如何在 PHP 中使用 RegexIterator

2022-01-10 00:00:00 regex iterator php spl

我还没有找到一个很好的例子来说明如何使用 php RegexIterator 递归遍历一个目录.

I have yet to find a good example of how to use the php RegexIterator to recursively traverse a directory.

最终结果是我想指定一个目录并在其中查找所有具有某些给定扩展名的文件.例如,仅说 html/php 扩展.此外,我想过滤掉 .Trash-0、.Trash-500 等类型的文件夹.

The end result would be I want to specify a directory and find all files in it with some given extensions. Say for example only html/php extensions. Furthermore, I want to filter out folders such of the type .Trash-0, .Trash-500 etc.

<?php 
$Directory = new RecursiveDirectoryIterator("/var/www/dev/");
$It = new RecursiveIteratorIterator($Directory);
$Regex = new RegexIterator($It,'/^.+.php$/i',RecursiveRegexIterator::GET_MATCH);

foreach($Regex as $v){
    echo $value."<br/>";
}
?>

到目前为止,我所拥有的结果是:致命错误:未捕获的异常UnexpectedValueException",消息为RecursiveDirectoryIterator::__construct(/media/hdmovies1/.Trash-0)"

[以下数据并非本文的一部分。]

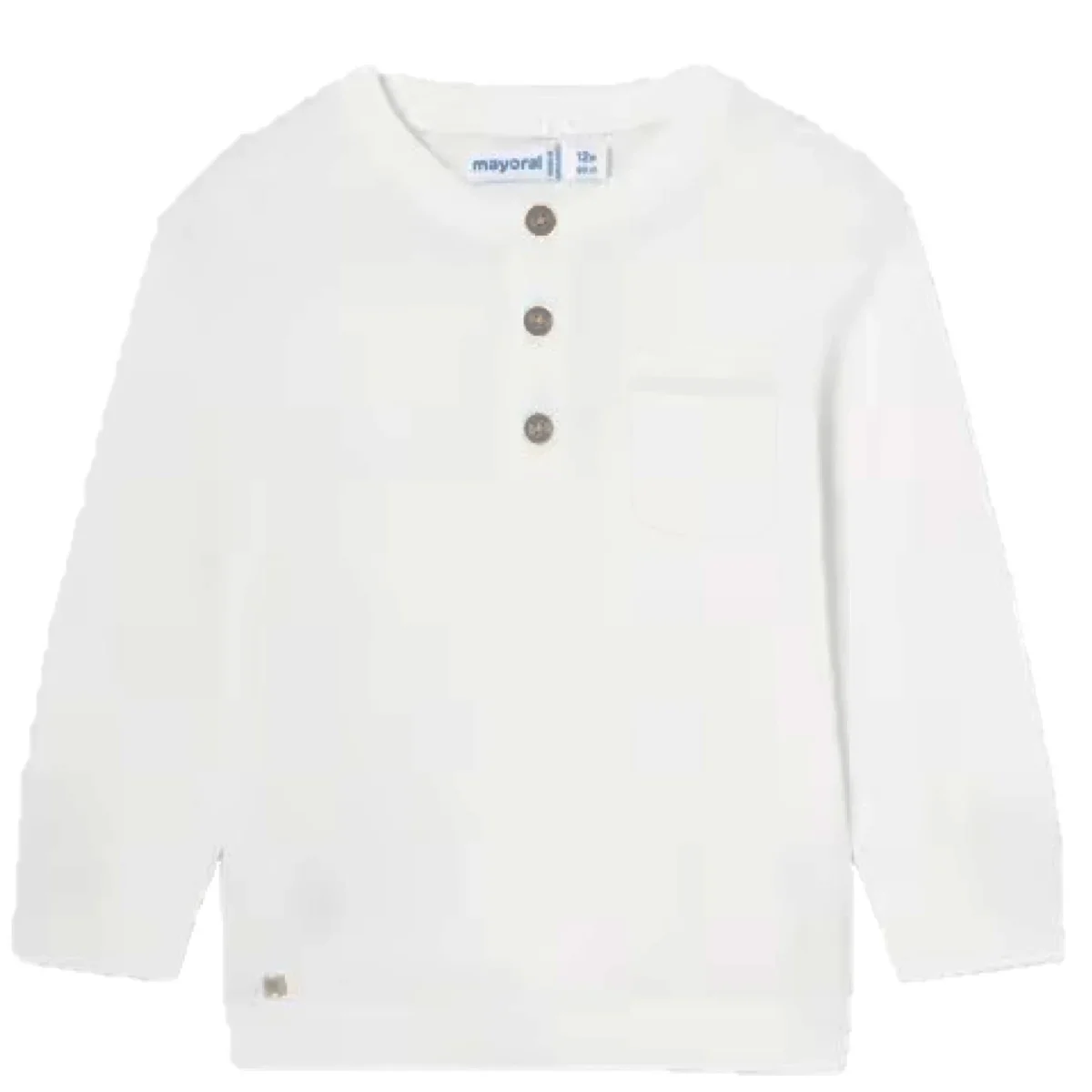 Maglione MAYORAL in cotone, modello con colletto serafino a maniche lunga , chiusura con bottoni e taschino sulla parte anteriore.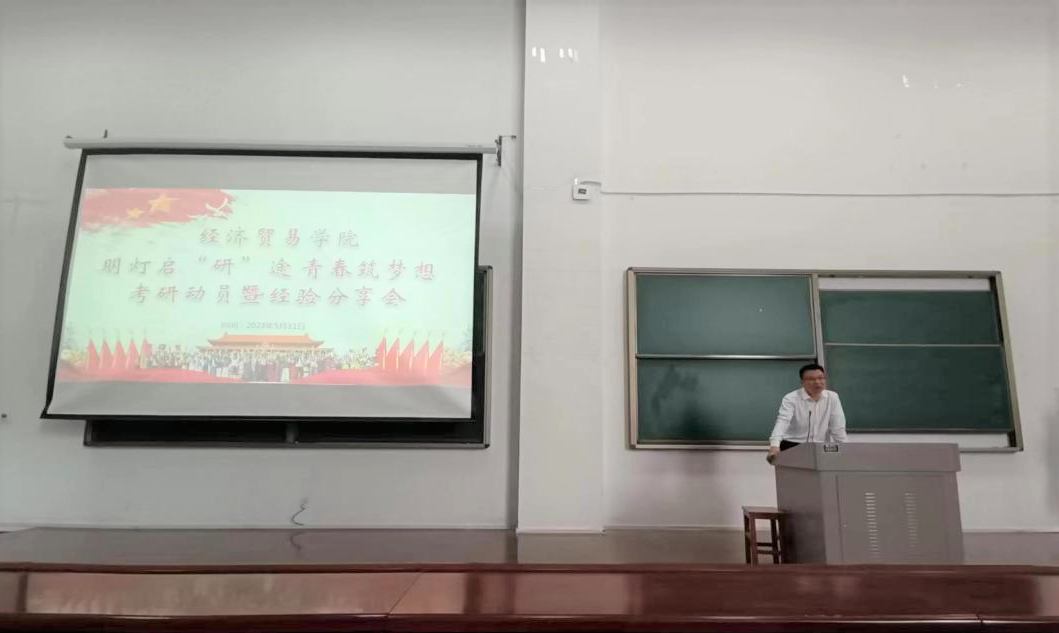 为加强学院学风建设,切实帮助考研学生解决问题,5月31日下午,经济贸易学院于9A227-228举办以“明灯启研途,青春筑梦想”为主题的考研动员暨经验分享会。学院院长张建华、副院长安乾、启航负责老师伏恩,2018级、2019级考研毕业生代表及学院2020级、2021级本科生,2022级专升本共200余人参加分享会。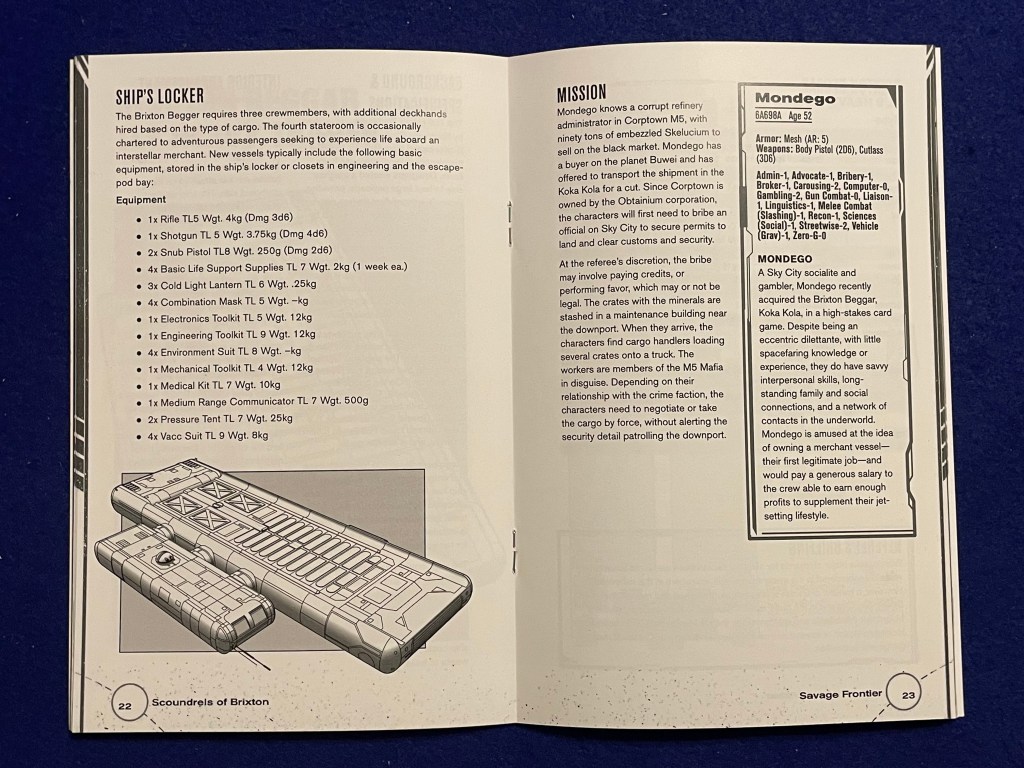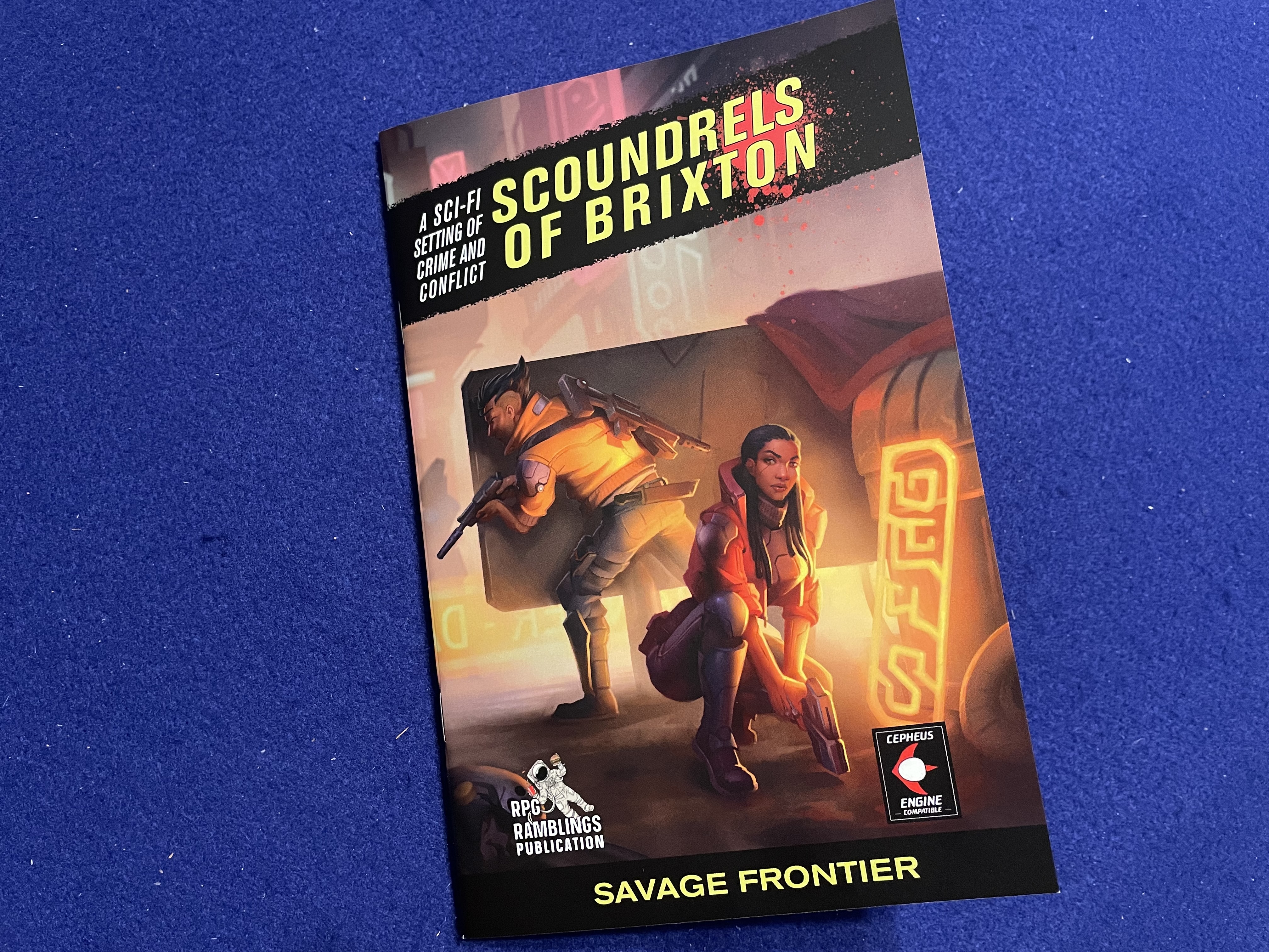 Scoundrels of Brixton: Savage Frontier by Jeffrey Jones (Creator-Designer) and Adam Kovac (Writer-Developer) is the fourth and latest booklet in the Scoundrels of Brixton series from RPG Ramblings. These slim booklets—48 pages and digest-sized like the original Traveller Little Black Books—provide, “A Sci-Fi Setting of Crime and Conflict.” Scoundrels is Cepheus Engine compatible which means you get to choose which flavor of Cepheus Engine you prefer to play.

Is what I have so far but result in : Fatal error: Uncaught exception 'UnexpectedValueException' with message 'RecursiveDirectoryIterator::__construct(/media/hdmovies1/.Trash-0)

有什么建议吗?

推荐答案

这样的事情有几种不同的方法,我将提供两种快速方法供您选择:快速和肮脏,与更长并且不那么脏(不过,这是星期五晚上,所以我们可以有点疯狂).

There are a couple of different ways of going about something like this, I'll give two quick approaches for you to choose from: quick and dirty, versus longer and less dirty (though, it's a Friday night so we're allowed to go a little bit crazy).

1.快速(又脏)

这涉及只需编写一个正则表达式(可以拆分为多个),以便快速过滤文件集合.

This involves just writing a regular expression (could be split into multiple) to use to filter the collection of files in one quick swoop.

(只有两行注释对这个概念非常重要.)

$directory = new RecursiveDirectoryIterator(__DIR__);
$flattened = new RecursiveIteratorIterator($directory);

// Make sure the path does not contain "/.Trash*" folders and ends eith a .php or .html file
$files = new RegexIterator($flattened, '#^(?:[A-Z]:)?(?:/(?!.Trash)[^/]+)+/[^/]+.(?:php|html)$#Di');

foreach($files as $file) {
    echo $file . PHP_EOL;
}

这种方法存在许多问题,尽管它可以快速实现为单行(尽管正则表达式可能很难破译).

This approach has a number of issues, though it is quick to implement being just a one-liner (though the regex might be a pain to decipher).

<强>2.不那么快(而且不那么脏)

一种更可重用的方法是创建几个定制过滤器(使用正则表达式,或任何你喜欢的!)以将初始 RecursiveDirectoryIterator 中的可用项目列表缩减到只有那些你要的那个.以下只是为您快速编写的一个示例,用于扩展 RecursiveRegexIterator.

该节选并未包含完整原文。